シャンゼリゼ通りのカフェでは大手銀行の重役を射殺しますが、ガードマンの反撃に合いオスカーも何発も被弾します。

一連の騒動で大勢の見物人が集まってきますが、あらかじめ打ち合わせしておいたお芝居で誰もかすり傷さえ負うことはありません。

リムジンに戻って血まみれになった全身をきれいにしていると、いつの間にか後部座席に座っていたのはオスカーの雇い主です。

以前のように仕事を楽しんでいる様子もなく、ひどく疲れている様子のオスカーのことが心配で堪りません。

最近の撮影用の機材がますます軽量タイプになってきて、街中に監視カメラが設置されていることがオスカーには我慢できません。

昔ながらの重量感のある武骨なカメラや、大掛かりな舞台照明やセットのことを懐かしく思い出してしまいます。

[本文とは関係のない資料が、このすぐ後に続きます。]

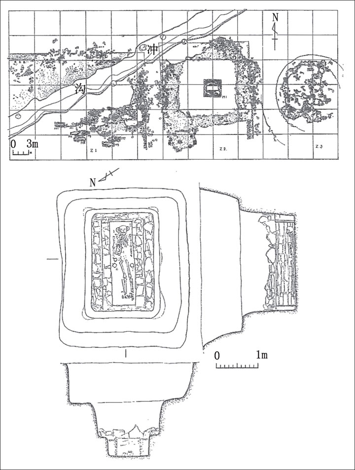 积石冢内部得到发掘的墓葬目前共六十一座,其中三十一座为拥有随葬品的墓葬。拥有随葬品的墓葬设有箱式石棺,无随葬品的墓葬只有简单的土圹,在墓葬构造上也显示出阶层差距。另外拥有随葬品的墓葬当中有二十六座是只随葬着玉器的墓葬。占拥有随葬品的墓葬总数的84%。这反映了玉器作为随葬品的特性,同时也意味着被赋予宗教含义的正是社会的领导者。玉器与其说是用来显示被葬者的在经济上的优越地位,不如说是用来显示其宗教上的权威。

感傷的になるなと雇い主から慰められますが、オスカーはこれからも観客の瞳こそが自分に向けられるカメラだと信じてこの職業を続けるつもりです。

【結】ホーリー・モーターズ のあらすじ④

人生という名の不条理な劇

「ヴォーガン」という偽名で宿泊中のホテルでひと眠りしていたオスカーの側には、目が覚めると見知らぬ女性が寄り添っていました。

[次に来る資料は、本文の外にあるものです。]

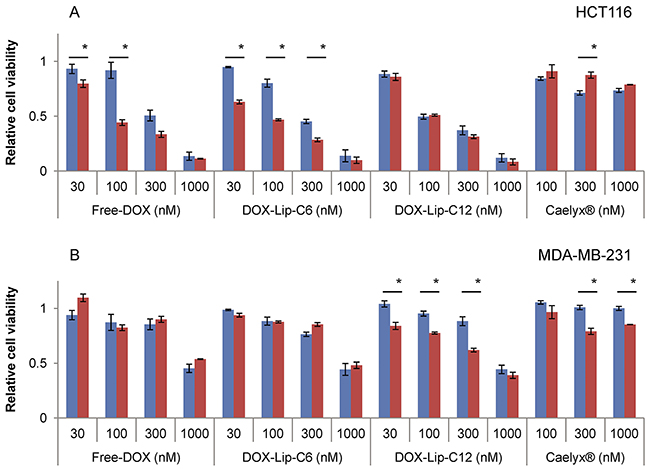 Figure 4: Dose-dependent effect of increased ceramide addition to liposomal doxorubicin on cell viability. (A) HCT116, (B) MDA-MB-231. Cells were incubated with various concentrations (30 nM - 1000 nM) of DOX-containing liposomes for 72 h. One part of the samples had an additional 1 μM of ceramide of same type of ceramide-liposomes without DOX added. Empty-Lip-C6 were added to DOX-Lip-C6 and Free-DOX, and Empty-Lip-C12 were added to DOX-Lip-C12 and Caelyx® and incubated for 72 h. The comparison was made between no addition (blue bars) and additional ceramide-containing liposomes (red bars). The cells’ viability was determined by using the MTT assay. The data show the mean values from three independent experiments and standard deviations. *p<0.05.

名前はレア、若くして愛のない結婚をしてしまった人妻、ヴォーガンとの間柄はめい、間もなく死を迎える大富豪のヴォーガンから財産を譲られる予定。

その場でひらめいた設定でアドリブを進めているうちに、いつしか彼女のことが本当の肉親のように思えてきます。

午前0時が差し迫っているために本日の終幕へと急がなくてはなりませんが、彼女の本名が「エリーズ」であることを教えてもらえただけで大満足です。

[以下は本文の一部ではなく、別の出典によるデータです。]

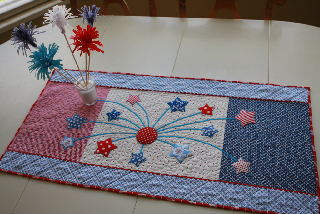 Here’s a tutorial on how to make this fun Quilted Firework Table Runner: Here is a printable PDF of the instructions: You will need:
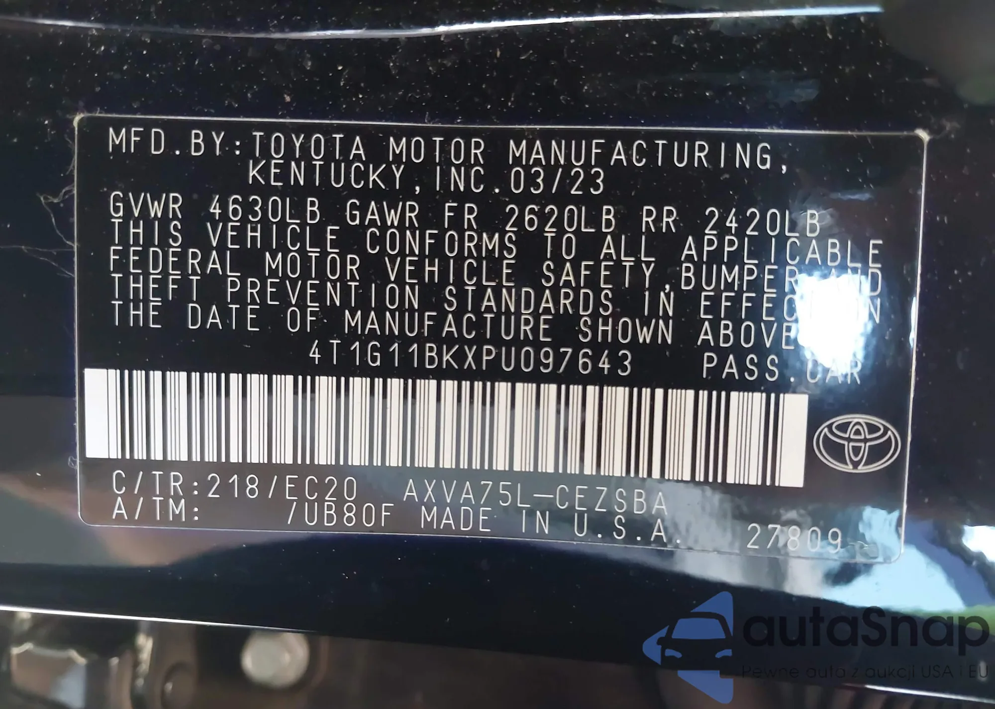LOT: 42833306 VIN: 4T1G11BKXPU097643

閑静な住宅街に入ってスピードを落としたリムジンは、オスカーの自宅の前で停車します。

今日1日分のギャラと家のカギを手渡してくれたセリーヌは明日も同じ時間に迎えにきてくれるそうで、最後まで無駄な話もせず私情を挟みません。

ドアを開けて家の中に入ると妻がチンパンジーに変身していましたが、オスカーは驚きもせずにふたりの子供の寝顔を見に行くのでした。

ホーリー・モーターズ を観た感想

カメレオンのごとく周囲に溶け込んで、目まぐるしい変幻を披露する主人公のオスカーには度肝を抜かれるでしょう。

2008年公開の「TOKYO !」ではゴジラのテーマソングを背景に銀座四丁目を行進していたメルドが、本作ではパリのど真ん中で大暴れを見せてくれました。

暴力的なまでのエネルギーで圧倒したかと思えば、パーティーデビューに失敗してしまった残念なあの子のケアも忘れていません。

最後までプロフェッショナルに徹したオスカーに待ち受けている、衝撃的すぎる結末には息をのみます。

「人は望む、生まれ変わりたいと」という劇中のオスカーセリフと通りに、誰しもが人生という名のステージに立って他の誰かの役を演じてみたいはずです。